# Bremerhaven stellplatz



## lalala (Aug 13, 2009)

i have looked on the campsite reviews and see that there are two stellplatz in Bremerhaven. Does anyone know if there is any public transport into the centre from either one of these. I broke my ankle a while ago and still can only walk limited distances, from looking at Google maps these are close to Bremerhaven but with the river intervening.
thanks
Lala


----------



## Boff (May 10, 2005)

Hi,

ouch, a broken ankle. I know what you are talking about, I also broke my ankle last October and still have the implant in my leg.

Unfortunately, both stellplatz in Bremerhaven do not really have decent public transport connection. While Bremerhaven Doppelschleuse has bus stops in about 200 metres distance, service there is only Monday to Friday and then only about 5 times a day.
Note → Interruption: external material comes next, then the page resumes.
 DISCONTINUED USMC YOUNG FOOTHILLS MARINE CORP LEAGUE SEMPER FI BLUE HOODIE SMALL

Fischkai has a bus stop in about 500 metres distance, but here at least services run Mo-Fr every half hour and about once per hour on Saturdays. However, Fischkai is closer to the city centre, it is about 1.5 km walking.
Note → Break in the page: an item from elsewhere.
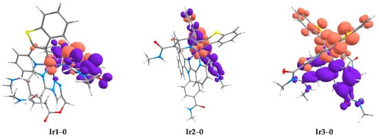 We also carried out quantum chemical calculations, which included optimization of the ground state structure (as an example, the optimized structure of the Ir1–0 complex is shown in Figure 1). Note that for the sake of simplicity in the optimization procedure, we used a model structural pattern, which differs from the structures of the Ir1–Ir3 compounds in that oligo(ethylene glycol) groups were replaced by methyl substituents to reduce the calculation time. It should be noted that such substitution is reasonable, since neither oligo(ethylene glycol) nor methyl substituents noticeably affect the central core structure and photophysical characteristics, being remote from the chromophoric center and having a similar nature from the viewpoint of donor–acceptor properties. The optimized structures for the Ir2 and Ir3 complexes are shown in Figures S22 and S23 in the Supplementary Materials. The obtained characteristics of the optimized structures (ligand disposition in the coordination octahedron, bond lengths and angles) are not exceptional and fit the structures of closely analogous complexes well, synthesized and characterized previously [68,69,70]. The obtained structural parameters of the optimized patterns are summarized in Tables S9–S11; see Supplementary Materials. It is also important to note that the optimized structural motifs of Ir1–Ir3 are in complete agreement with the data of proton NMR spectroscopy in terms of the ligand environment symmetry and intramolecular non-bonding proton contacts observed in the NOESY spectra, which additionally confirm the correctness of the complexes’ composition and structure determination by this method.

If that is still too much, then the only possibility would be to take a taxi.

Best Regards,
Gerhard


----------



## lalala (Aug 13, 2009)

Many thanks Boff this is really useful information. We shall choose the nearer site, presuming it will have space on Sunday night! Then we can walk in and if it is too much we can get a taxi back.
By the way we shall be in Utrecht for a week at the end of August, do you have any recommendations for must-see things?
Lala


----------



## Boff (May 10, 2005)

Hi again,

though Sunday night will probably not be a big problem, as most week-enders are gone by then, you could call the site and ask if they can reserve a pitch for you.



lalala said:


> By the way we shall be in Utrecht for a week at the end of August, do you have any recommendations for must-see things?
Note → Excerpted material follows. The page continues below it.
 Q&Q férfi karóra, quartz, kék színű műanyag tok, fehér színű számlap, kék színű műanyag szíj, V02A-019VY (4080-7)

We will still be in Scandinavia at that time, otherwise I could have showed you around.

Just some suggestions: The old part of the city is definitely worthwile seeing, so are the remainders of the cathedral. Make a boat trip around the canals. If you are railway enthusiasts, then the Dutch Railway Museum is the place to go. Walk around the little alleys, enjoy the shops and the atmosphere. If you are keen on sewing, knitting and the like, and you are in Utrecht on a Saturday, then check out the "Lapjesmarkt" in Breedstraat. Also on Saturdays there is a famous flower market nearby. Most of these attractions are clearly signposted, no big issue to find them.

Be a little bit careful with the restaurants on the banks of the "Oudegracht" canal in the city centre, some of them are overpriced tourist traps. Admittedly, on a warm summer evening there is nothing better than sitting down there and watching boats pass by while having a drink or meal. But there are many more, cheaper and better, restaurants just a few steps off the beaten track. And beware of pickpockets and speeding cyclists, remember you are in Holland. :wink:

More information can be found on the Utrecht Tourist Office homepage.

Best Regards,
Gerhard


----------



## lalala (Aug 13, 2009)

Thanks Gerhard,
sorry you won't be in Utrecht but we shall follow your advice re things to see. 
We are trying now to ring Bremerhaven and reserve a pitch,
Lala


----------